-- Assigned task --
Go through the listing below and retype exactly the lines starting at the one with "VIEW OF 01 DUMPTON" and ending at the one with "Ultima FreeCool Chiller", skipping pictures.
*** Block opens ***
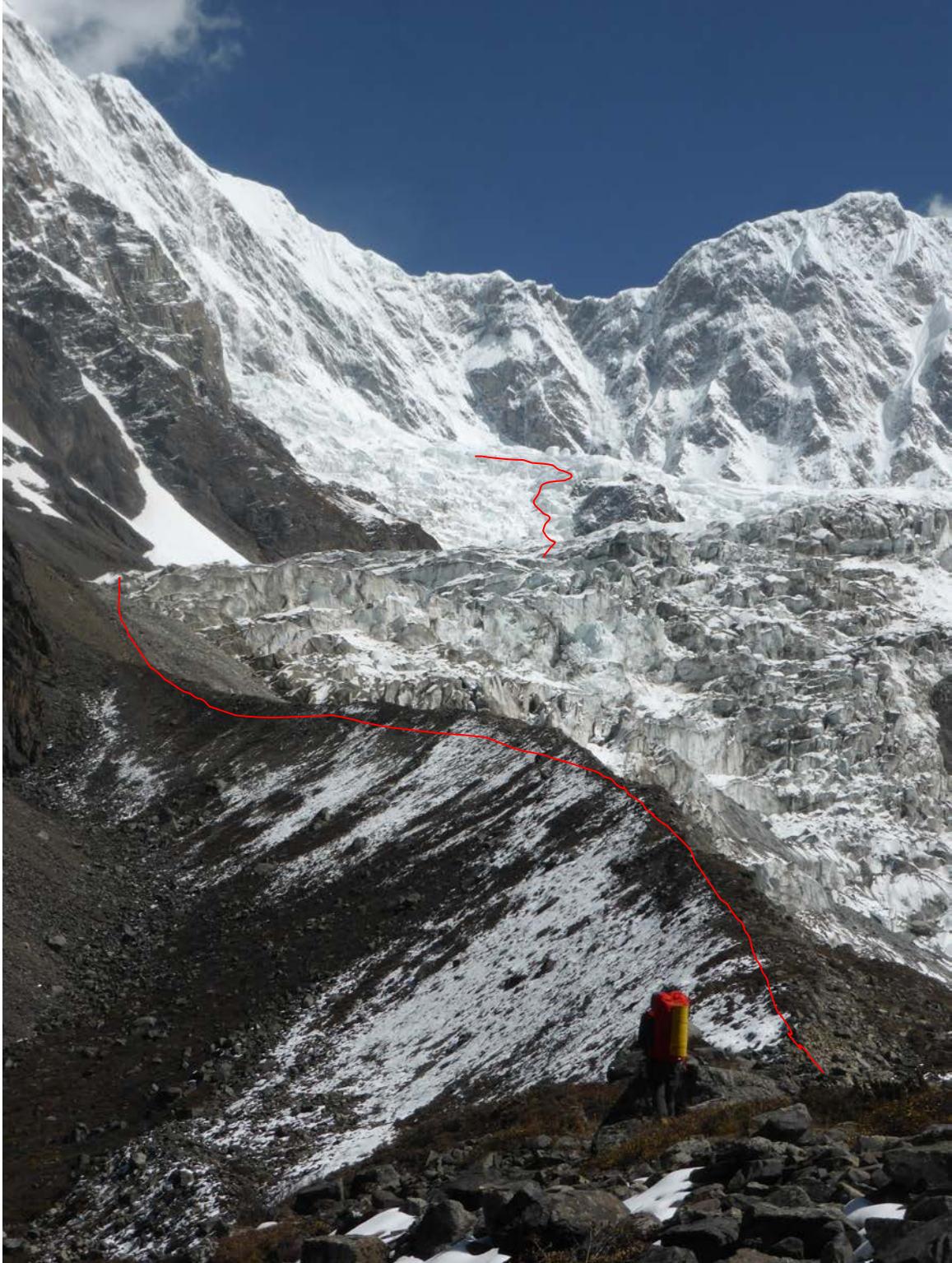
The approach to the south face is long, complex and quite dangerous.
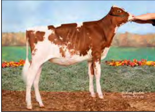
KOZY-KOUNTRY AFTER PARTY-RED-ET FULL SISTER TO LOT 31
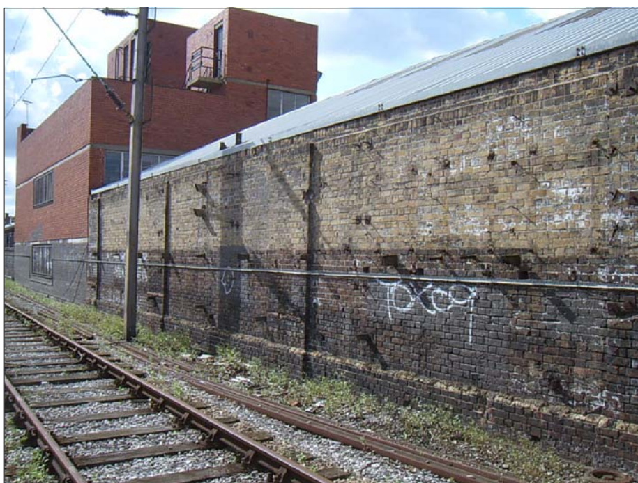
VIEW OF 01 DUMPTON PLACE FROM RAILWAY SIDINGS 03
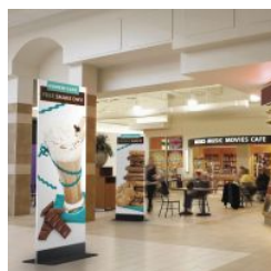
GREAT FOR HIGH TRAFFIC AREAS
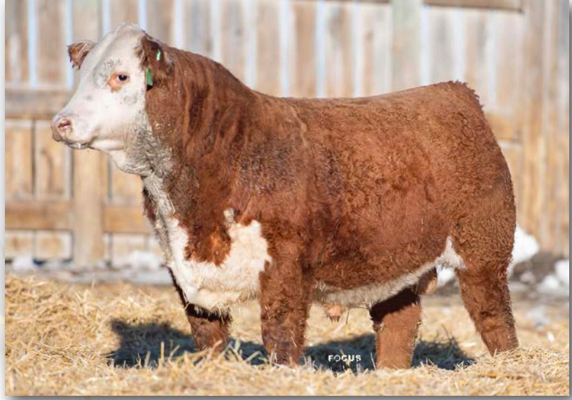
Lot 51 • ECR 238 BOBS FORTIFIED 2160
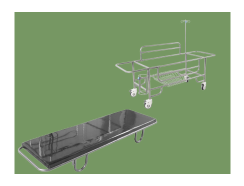
stretcher and trolley Separated into two parts: stretcher and trolley
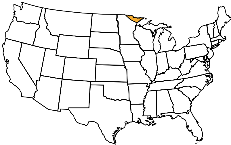
Gray Wolf Range at Time of ESA Listing
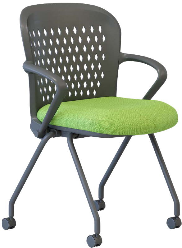
6401 DESIGNER III COLLECTION OPTIC | OPT023 | Springtime

The NXO can be upholstered with our high-quality textiles, vinyls, or leathers. Customize your chair with our wide range of colors and grades on My Chair Maker: nightingalechairs.com/my-chair-maker
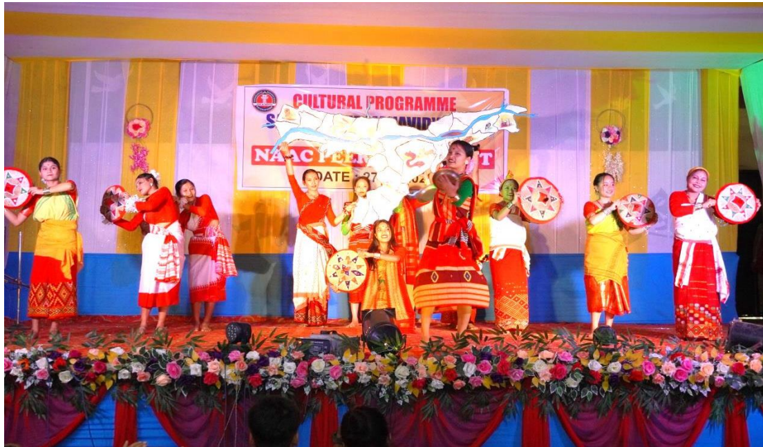
Students Participation in Cultural Programme during NAAC Peer Team visit, 2023
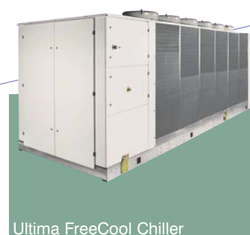
Ultima FreeCool Chiller
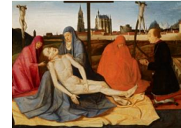
Title: Pietà with Donor Date: mid-15th century Primary Maker: French, Probably South of France Medium: Tempera or mixed technique on panel Dimensions: 15 5/8 x 22 in. (39.7 x 55.9 cm)
*** Block closes ***
-- Response --
VIEW OF 01 DUMPTON PLACE FROM RAILWAY SIDINGS 03
GREAT FOR HIGH TRAFFIC AREAS
Lot 51 • ECR 238 BOBS FORTIFIED 2160
stretcher and trolley Separated into two parts: stretcher and trolley
Gray Wolf Range at Time of ESA Listing
6401 DESIGNER III COLLECTION OPTIC | OPT023 | Springtime

The NXO can be upholstered with our high-quality textiles, vinyls, or leathers. Customize your chair with our wide range of colors and grades on My Chair Maker: nightingalechairs.com/my-chair-maker
Students Participation in Cultural Programme during NAAC Peer Team visit, 2023
Ultima FreeCool Chiller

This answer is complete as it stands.